I’VE given up. I have tried to be as green as I can, walking my children to school most days for years, recycling religiously, and getting the bus to and from work for four-and-a-half years.

But I’ve given up on getting the bus to work. Today, I take possession of my own car – and it will give me two things the buses never could: consistency and time.

Time is something that has become more important to me over the past couple of years, because I have become increasingly short of it. My part-time hours have been arranged with my bosses so that I arrive home as my children come home from school – and the one thing I hoped to avoid was to turn them into latchkey kids. I want to be there for them.

But recently, late and never-arriving buses have forced my children to become exactly what I planned against, because I cannot get home in time. It has been taking me between an hour-and-a-half and two hours to complete my journey home, a journey that takes 15 minutes in a car. My commute both to and from work is outside the rush hours and so in theory buses should be more punctual and more consistent. But they’re not.

Perhaps part of the problem is that in order to get to work, I have to go into town and back out again, and so I have to get two buses each way. But at the bus stop just a two-minute walk from my home, the buses, which are supposed to arrive every seven minutes, do not. Often there are 20-minute gaps, then three arrive at once.

The bus stop does not have one of those electronic arrival boards, so I’m permanently in a state of panic about getting to work on time because I simply do not know when the next bus is coming and if it will get me into town on time to get the next one. The bus company urges me to “get the app”, but I’m not tempted to, because it will just mean I will have a better idea of how late the bus is going to be. Knowing that I’m going to be late for work does not actually reduce my stress.
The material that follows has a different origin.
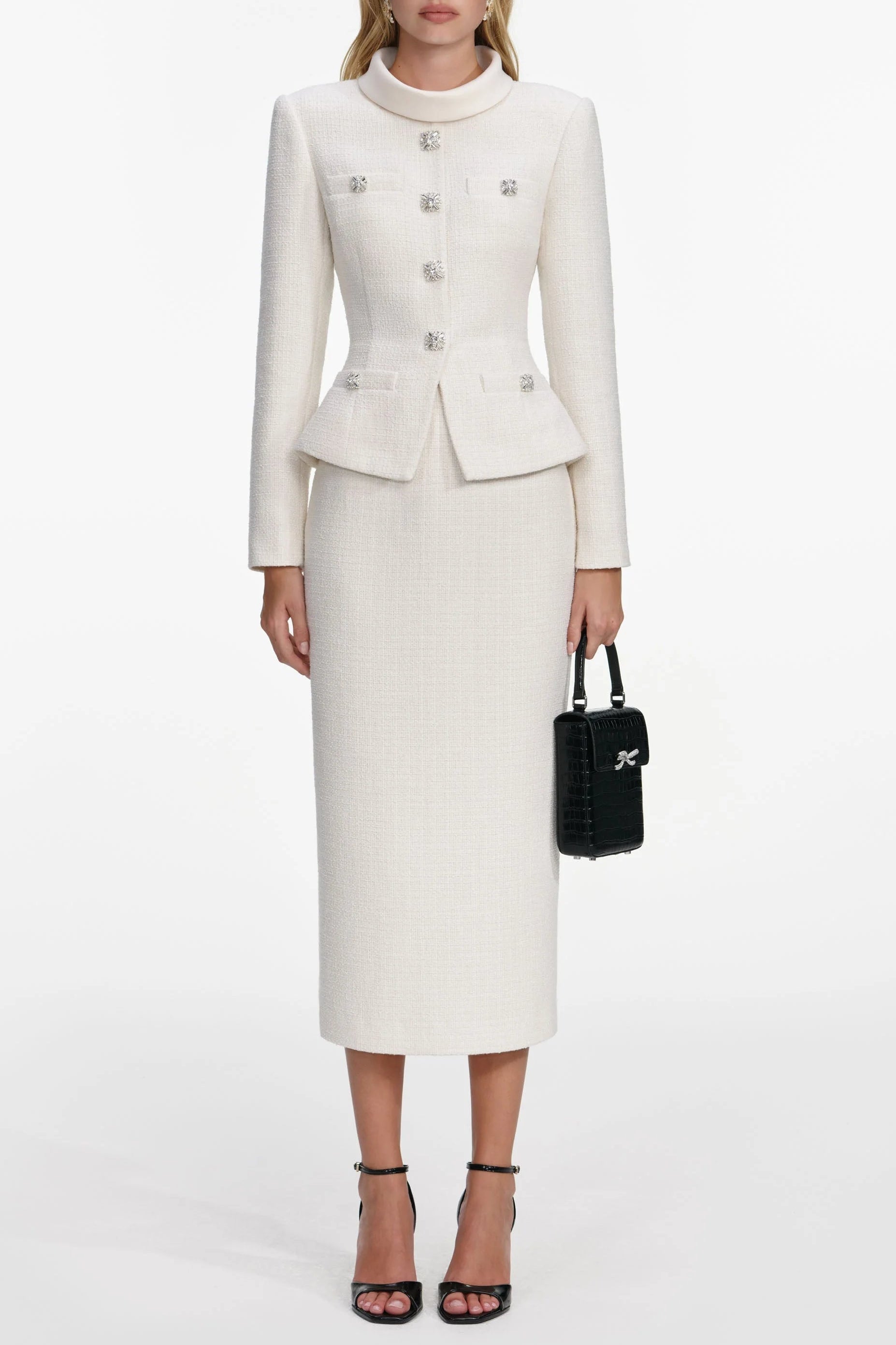 michaeliaのクリームブークレ テーラードミディドレスセットで、ワードローブをワンランクアップさせましょう。この洗練されたアンサンブルは、時代を超越したクリームトーンの贅沢なブークレ生地を使用し、洗練されたシルエットに仕立てられています。ミディ丈はエレガンスと汎用性の完璧なバランスを実現し、ビジネスシーンにも特別なオケージョンにも最適です。しっかりとしたフィット感が体型を美しく見せ、上質な仕立てで長くご愛用いただけます。コーディネートできるアイテムも揃ったこのセットは、自信に満ちたルックスと気分を演出するのに必要なものをすべて揃えています。デイタイムからイブニングタイムまで、シームレスに着こなせるワードローブの定番アイテムです。

Similarly, my journey home is just as traumatic. Again, the bus stop has no electronic arrival board, and so day after day I stand there, with pensioners and young parents with babies and toddlers and bags of shopping, waiting for a bus that is scheduled to arrive... but never does.
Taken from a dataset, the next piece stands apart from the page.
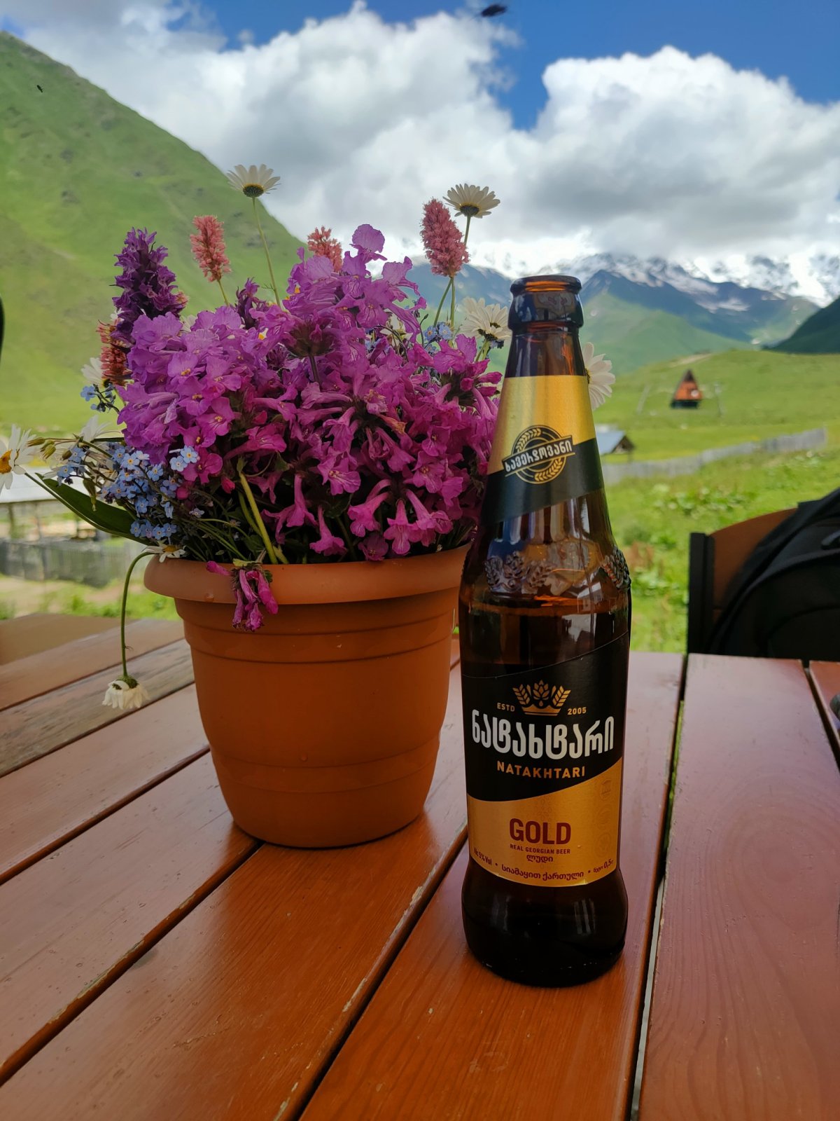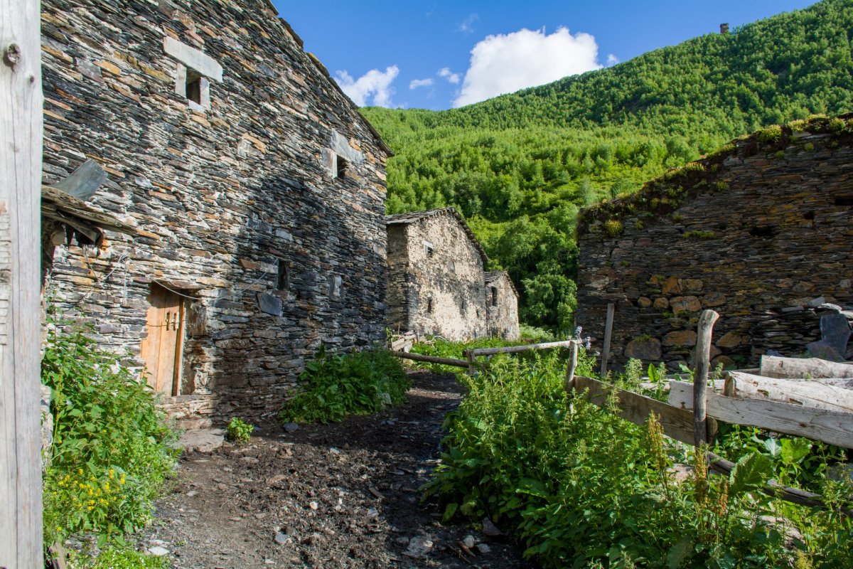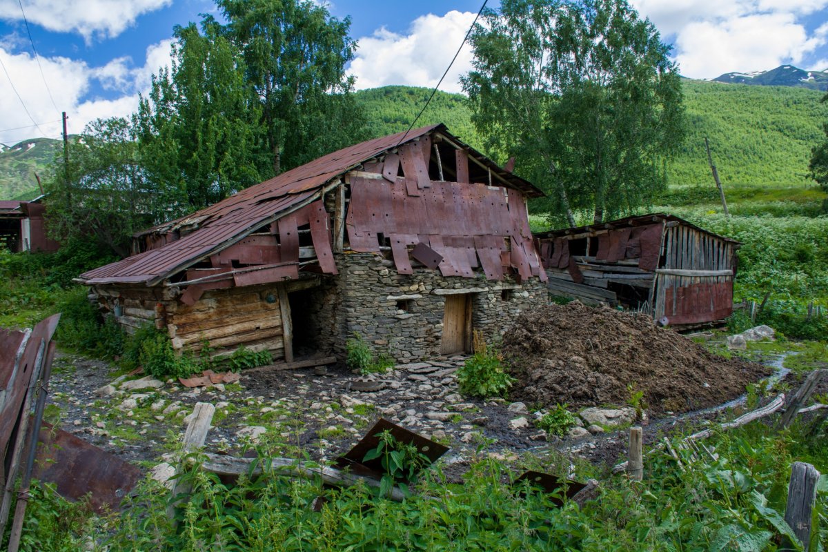 Po obědě se vydáme cestou k ledovci, kocháme se přírodou, koně, krávy a všude spousta potoků. Asi po dvou kilometrech se otáčíme a jdeme do vesnice u lyžařského vleku potkáváme sedm chlapů, zpívají si a pijí víno z kanystru, nabízí nám, ale nemáme tu odvahu. Ve vesnici je to skutečně jako ve středověku, jen auta to kazí. Domy zchátralé, opravy mají stejný mustr jako v Mestii, cesty kamení a bahno, je potřeba dávat majzla na kravince. Vesnice je malá, procházíme si to za chvilku a pak objevujeme Cafe Svaneti, milá paní nás zve dovnitř a tak usedáme. Paní povídá, že ráno odjela skupina Čechů na motorkách, má u toho i penzion. Dáváme si kafe, čaj, domácí trnkové buchty a každý stakan domácího gruziňaku (bratr je prý specialista). Paní je rozená obchodnice, nabízí bylinné čaje, pletené čepice, rukavice a povídá a povídá. Lidé tam jezdí z celého světa a někteří se zdrží klidně i měsíc a chodí po horách. V zimě je víc turistů jak v létě, jezdí lyžovat. Loučíme se, platím 15 Lari a jdeme směr Chazhashi. Chceme do muzea, bohužel je v pondělí zavřeno, tak si procházíme tuto asi nejzachovalejší vesnici. Chci vylézt na skálu ke kostelíku a zničehonic vyjde z domu vedle ženská a začne gruzínsky hrozně řvát. Leknu se a rusky ji vysvětluji, že se chci jen podívat a udělat si pár fotek, jestli je to problém. Říká že můžeme klidně jít, ona volá na krávu, asi se prý zaběhla. Vracíme se do Murkmeli po levém břehu řeky, všude zase potůčky z hor, tráva je jako houba, člověk si musí dávat pozor kam šlape. Zapadající slunce nádherně osvěcuje Chazhashi, u penzionu je mostek a jsme v Murkmeli. Máme ještě čas, jdeme na obhlídku vesnice. Krávy se samy vrací z pastvy, tři ženy stojí u plotu v gumových holínkách po kotníky ve sračkách a povídají si, na cestě se rvou psi s býkem, opravdu středověk. Ob jeden dům od našeho desetiletý kluk dojí před domem krávu, ptám se ho, jestli si ho můžu vyfotit, rozumí zřejmě jen gruzínsky, raději odcházím. Je čas večeře, paní domu udělala boršč, kubdari, chačapuri, domácí sýr, salát a pan domácí dodal své víno. Po večeři jdeme spát, jsme unavení.

Sometimes I wait 40 minutes, and once I asked a driver why her bus had arrived 25 minutes late. She simply shrugged her shoulders and said it had arrived back at the depot late, forcing her to set off late on her route.

So I’m getting a car – not actually my choice, as an extremely generous relative has bought me one as a gift (I couldn’t afford to buy a car). Nevertheless, for ecological reasons, I make the move from bus to car reluctantly... and yet now I’m close to taking possession of it, it’s also with the anticipated joy of no more waiting for buses that never arrive, no more taxi fares when I need to get home in a hurry (it costs me £14 plus tip for a journey between home and office, and that’s on top of a Day Saver bus ticket costing £4.70) and significantly reduced stress.

“Bus travel in Brighton & Hove is easy and convenient,” says Brighton and Hove City Council on its Travel, Transport and Road Safety web page. “Buses run every few minutes on main routes...”

And the Brighton and Hove Green Party, which runs the city council, says: “We’ve been extremely successful in attracting over £8 million of external funding to the city for transport improvements at little or no cost to residents... we are working to make our major arterial roads more bus-friendly”.

So why am I still left waiting at bus stops for buses? It’s simply not good enough.

While I appreciate many city bus services are efficient and on time, I have felt angry and stressed as a result of the failings on my particular journeys, and I am sorry for those people who simply have no option but to rely on public transport, including me until today.

Why aren’t bus services in Brighton and Hove more efficient and reliable? I do understand that roadworks, the weather and unforeseen circumstances affect buses, but my experience is happening on a regular basis and I feel I can only rely on them being unreliable.

I’d love to hear answers from the bus company and the council – and if I do, I’ll faithfully report in my next column.

If a dictator can make the trains run on time, why can’t a democracy make the buses run on time? Lessons need to be learnt.